** ASSIGNED TASK **
Faithfully repeat each entry below, minus the pictures.

** EXTRACTED RECORDS **
....................

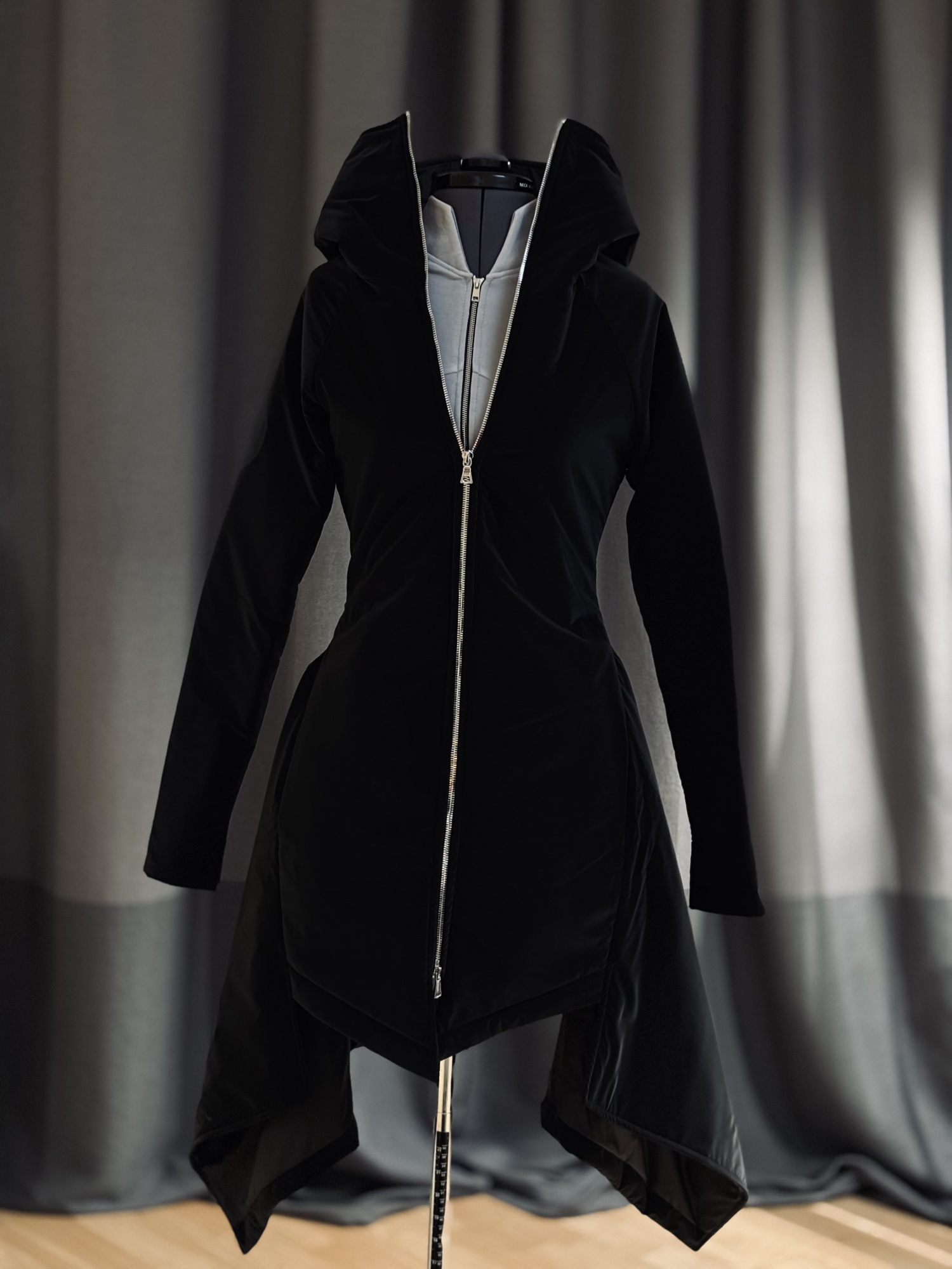 Зимняя куртка из нежнейшего материала с бархатистой текстурой. Приталенный силуэт и пышная юбка создают женственный образ, а объёмный капюшон с логотипом добавляет стиля.
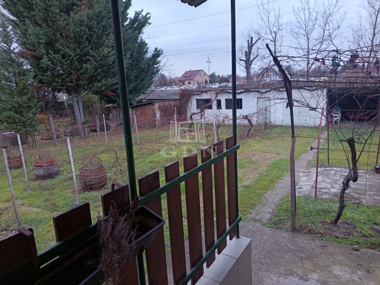 A telek hátsó részén nagy méretű melléképület, és garázs található.
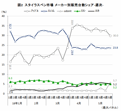 そこで、第6世代iPadの発売によるApple Pencilの動向を探るため、スタイラスペン市場における上位メーカーの販売台数シェアを週次で集計してみた(図2)。18年1月からエレコムは2位のアップルに10ポイント差をつけ、独走状態を維持していた。しかし、18年3月31日の第6世代iPad発売と連動して、4月1週にアップルのシェアは急伸、首位を独走するようになった。今まで、高額なiPad Proにしか対応していなかったApple Pencilであったが、対応機種が増えたことにより需要が増加。スタイラスペン市場でも、アップルのシェア増となっていることが一目瞭然だ。
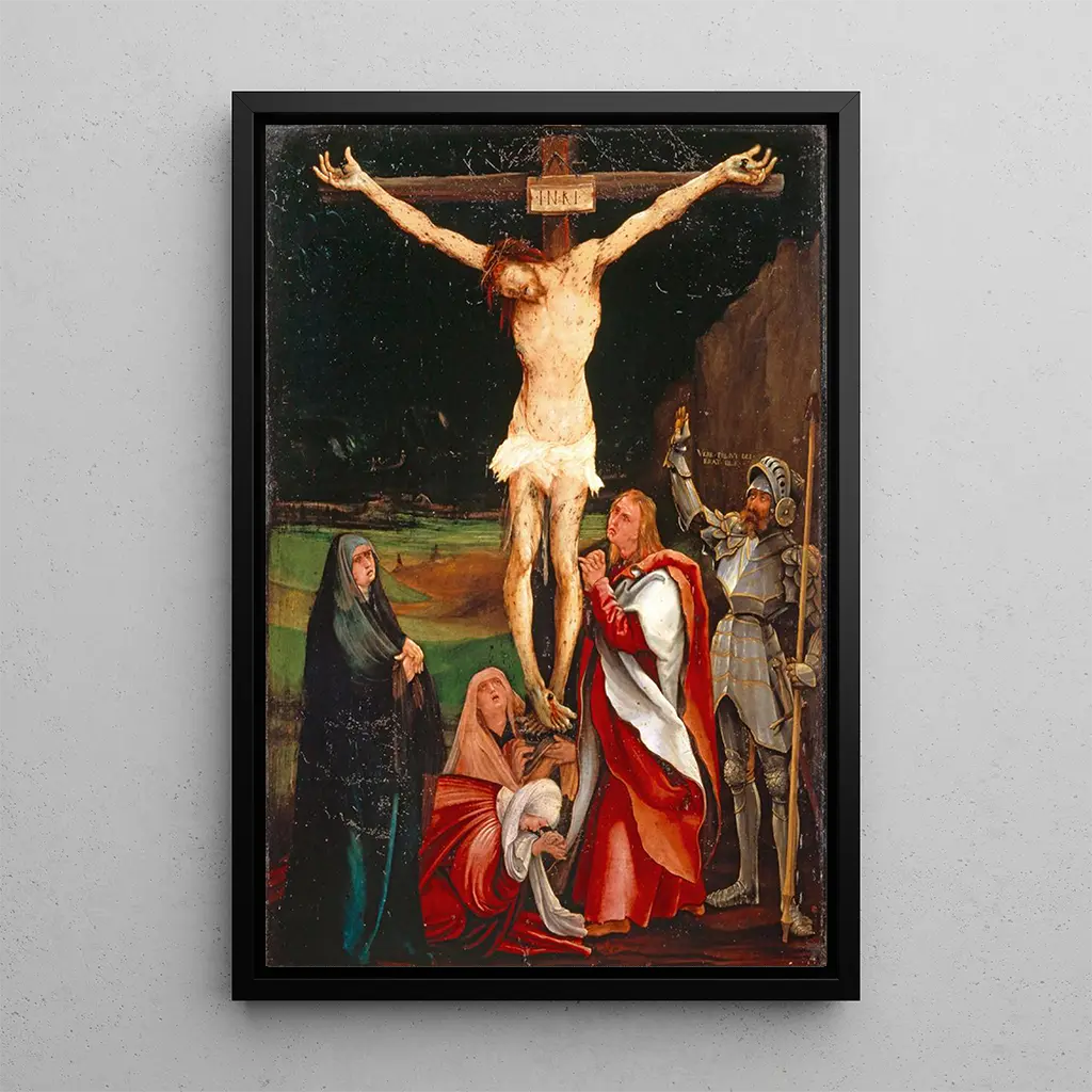 „La Crucifixion” autorstwa Matthiasa Grünewalda to wybitne dzieło, które ukazuje cierpienie i transcendencję męki Chrystusa. Ciemne kolory i uderzające kontrasty tworzą atmosferę dramatycznego napięcia, gdzie każdy szczegół jest pełen emocji. Kompozycja, skoncentrowana na postaci Chrystusa, natychmiast przyciąga wzrok i zachęca do medytacji. Wyrazy twarzy postaci, od rozpaczy po pełne oddania, wzmacniają wizualny wpływ tej sceny biblijnej. Technika Grünewalda, charakteryzująca się odważnym użyciem światła i cienia, nadaje tej reprodukcji duchową głębię, której nie da się porównać.
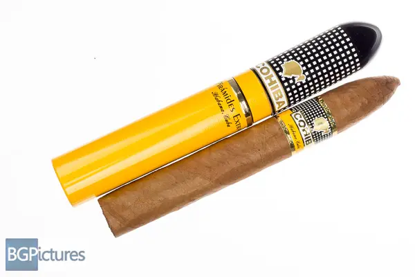 Cohiba Piramides Extra Cigar Review – Cuban – This 6.3×54 stick features a torpedo roll with a dark tan wrapper with a soft but even pack, soft buttery feel, small veins, tight invisible seams and a sweet hay and vegetal aroma. First light reveals a great draw with plentiful medium bodied smoke showing aged tobacco smoothness, a creamy sweet vanilla note and building pepper flavor and zing through the long finish. The first third comes down to mild-medium with a wavy burn line but still perfect draw. Flavors are still smooth and complex with a yeasty bread note added throughout. The 1/2 way point comes at 30 minutes with no changes and a solid ash drop. Ending at 1:05 the last third adds to the complexity with a zingy leather with a cinnamon like texture, keeping the rest of the flavors. This video is sponsored by Online-Cigars.com use code OBSESS for five pounds off your first order.
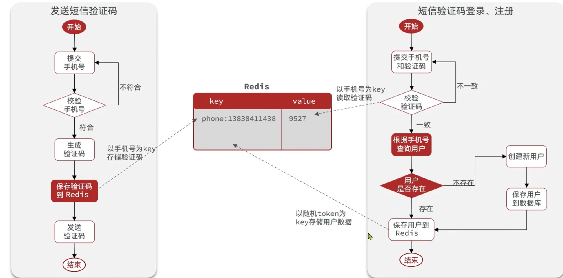 - 发送短信验证码:将验证码保存到Redis里面,而不是session
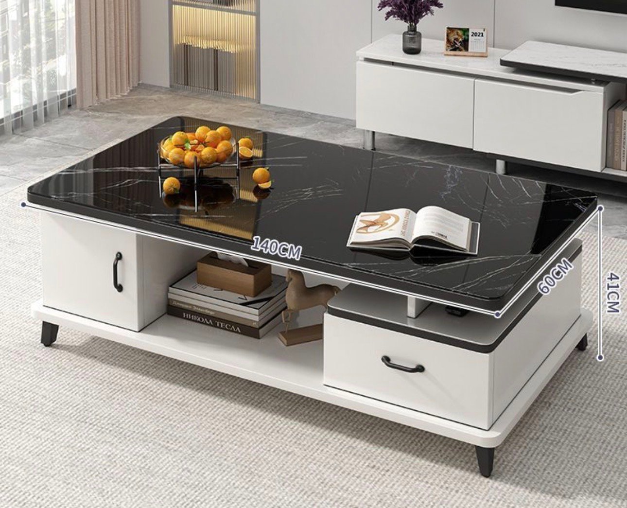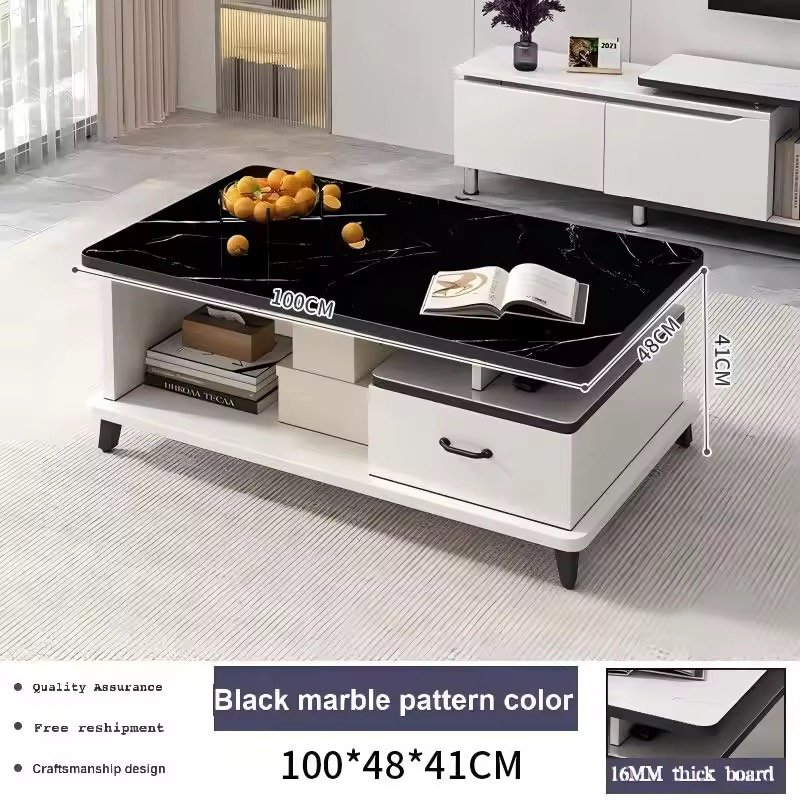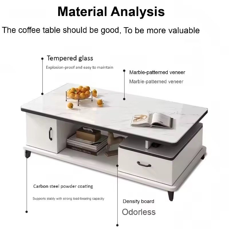 • Mesa de centro moderna y multifuncional para sala de estar con tablero de vidrio templado de 4 mm de espesor

....................

** WRITTEN RESPONSE **
 Зимняя куртка из нежнейшего материала с бархатистой текстурой. Приталенный силуэт и пышная юбка создают женственный образ, а объёмный капюшон с логотипом добавляет стиля.
 A telek hátsó részén nagy méretű melléképület, és garázs található.
 そこで、第6世代iPadの発売によるApple Pencilの動向を探るため、スタイラスペン市場における上位メーカーの販売台数シェアを週次で集計してみた(図2)。18年1月からエレコムは2位のアップルに10ポイント差をつけ、独走状態を維持していた。しかし、18年3月31日の第6世代iPad発売と連動して、4月1週にアップルのシェアは急伸、首位を独走するようになった。今まで、高額なiPad Proにしか対応していなかったApple Pencilであったが、対応機種が増えたことにより需要が増加。スタイラスペン市場でも、アップルのシェア増となっていることが一目瞭然だ。
 „La Crucifixion” autorstwa Matthiasa Grünewalda to wybitne dzieło, które ukazuje cierpienie i transcendencję męki Chrystusa. Ciemne kolory i uderzające kontrasty tworzą atmosferę dramatycznego napięcia, gdzie każdy szczegół jest pełen emocji. Kompozycja, skoncentrowana na postaci Chrystusa, natychmiast przyciąga wzrok i zachęca do medytacji. Wyrazy twarzy postaci, od rozpaczy po pełne oddania, wzmacniają wizualny wpływ tej sceny biblijnej. Technika Grünewalda, charakteryzująca się odważnym użyciem światła i cienia, nadaje tej reprodukcji duchową głębię, której nie da się porównać.
 Cohiba Piramides Extra Cigar Review – Cuban – This 6.3×54 stick features a torpedo roll with a dark tan wrapper with a soft but even pack, soft buttery feel, small veins, tight invisible seams and a sweet hay and vegetal aroma. First light reveals a great draw with plentiful medium bodied smoke showing aged tobacco smoothness, a creamy sweet vanilla note and building pepper flavor and zing through the long finish. The first third comes down to mild-medium with a wavy burn line but still perfect draw. Flavors are still smooth and complex with a yeasty bread note added throughout. The 1/2 way point comes at 30 minutes with no changes and a solid ash drop. Ending at 1:05 the last third adds to the complexity with a zingy leather with a cinnamon like texture, keeping the rest of the flavors. This video is sponsored by Online-Cigars.com use code OBSESS for five pounds off your first order.
 - 发送短信验证码:将验证码保存到Redis里面,而不是session
 • Mesa de centro moderna y multifuncional para sala de estar con tablero de vidrio templado de 4 mm de espesor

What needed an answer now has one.